Передайте от нас нашему английскому зятю и его советникам, чтобы он решительно требовал полного соблюдения тех прав, которые, как он чувствует, у него есть на корону и земли Франции. Мы окажем ему помощь и поддержку во всех делах. Мы хотим и обязаны это делать вплоть до тех пределов, до коих простираются наши возможности. Однако мы с нашими владениями — невелика сила против мощи Французского королевства. Поэтому вашему государю, нашему зятю, прежде чем он решится на столь великое дело — отречься от оммажа, принесенного королю Франции, и послать ему вызов — следует явцться сюда из-за моря в сопровождении своего совета. Вместе с моим братом Жаном, который ему поможет, чем сможет, они съездят к герцогу Брабантскому, двоюродному брату моего английского зятя, к графу Гельдернскому, женатому на его сестре, а также к маркграфу Юлихскому. Если королю удастся заключить с этими сеньорами дружественный союз и заручиться их поддержкой и помощью, тогда он сможет послать вызов королю Франции и потребовать соблюдения своих прав. Но в любом случае мы говорим и настаиваем, чтобы он не предпринимал ничего, не узнав волю названных сеньоров. Вот какой совет я даю, отвечая на ваш вопрос».
Английские сеньоры дружно молвили в ответ: «Большое спасибо! Мы будем действовать, следуя вашему совету». Затем они простились с графом, графиней и мессиром Жаном д’Эно и отбыли из Валансьенна. Они поехали назад, к морю, по той же дороге, по которой прежде прибыли в Эно. Ведь всюду полагали, что король Англии послал их в Эно, чтобы проведать графа, которому нездоровилось. Добравшись до Виссана, послы взошли на поджидавшие их английские корабли, а затем снялись с якоря и поплыли под парусами в сторону Англии. Уже в скором времени они высадились в Дувре и вершили свой путь, пока не приехали к королю и его советникам. И рассказали они им все, что услышали, увидели и узнали в графстве Эно.
Король Англии и его советники были очень обрадованы, когда епископ Линкольнский и другие сеньоры, ездившие в Эно, пересказали ответ, полученный у графа. Затем они поразмыслили, как им следует действовать дальше, и решили, все обдумав, что граф дал им благой совет. Поэтому в самом начале обсуждений было постановлено, что король Англии отправится за море с некоторыми знатными людьми своей страны. Прежде всего, он посетит Эно, а потом, действуя по подсказке своего великого тестя, графа Эно, съездит в Брабант, Гельдерн и Юлих и лично заключит союзы с их правителями.

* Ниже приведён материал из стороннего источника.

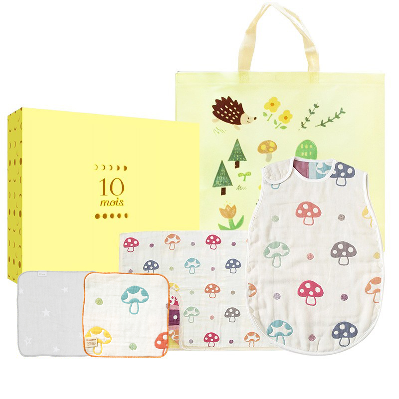Japan Hoppetta baby sleeping bag mushroom sleeping bag baby lid quilt cover blanket handkerchief set 4 pieces set gift box

Однако затем английские советники передумали и решили, что королю нечего делать за морем до тех пор, пока его представители не проведут переговоры с германскими сеньорами и не узнают их волю. Поэтому епископу Линкольнскому, епископу Даремскому, графу Солсбери, графу Арунделу, графу Нортгемптону[1177], графу Уорику, мессиру Рейнольду Кобхему, мессиру Ричарду Стаффорду, сиру Фелтону и сиру де Сюлли[1178] было поручено отправиться за море в Валансьенн, переговорить с графом, а затем, следуя его совету, вступить в переговоры с герцогом Брабантским и всеми, от кого они могли бы получить поддержку и помощь.
Названные сеньоры уладили свои дела и погрузили все, что им требовалось, на корабли, стоявшие в лондонской гавани. Они намеревались причалить в Антверпене, ибо вовсе не хотели ехать в Эно через Францию. И взяли с собой эти сеньоры сто тысяч флоринов звонкой монетой, чтобы содержать свиту и дарить подарки там, где это понадобится. Ведь они хорошо знали, что немцы чрезвычайно алчны и ничего не делают, кроме как за деньги. Когда все дела были улажены, а корабли снаряжены, они взошли на них и, отчалив, прибыли с первым приливом под Грэйвсенд. Когда вновь начался прилив, они снялись с якоря и, пользуясь попутным ветром, вышли в море под парусами. Уже на второй день плаванья они завидели Дордрехт, что в Голландии. В этом городе они сошли на берег и были хорошо приняты местными жителями. Затем они постепенно вывели из кораблей своих лошадей и на четыре дня задержались в городе Дордрехте для отдыха. За этот срок все англичане, не имевшие лошадей, их раздобыли, и когда все приготовления были завершены, посольство великим кортежем двинулось в путь.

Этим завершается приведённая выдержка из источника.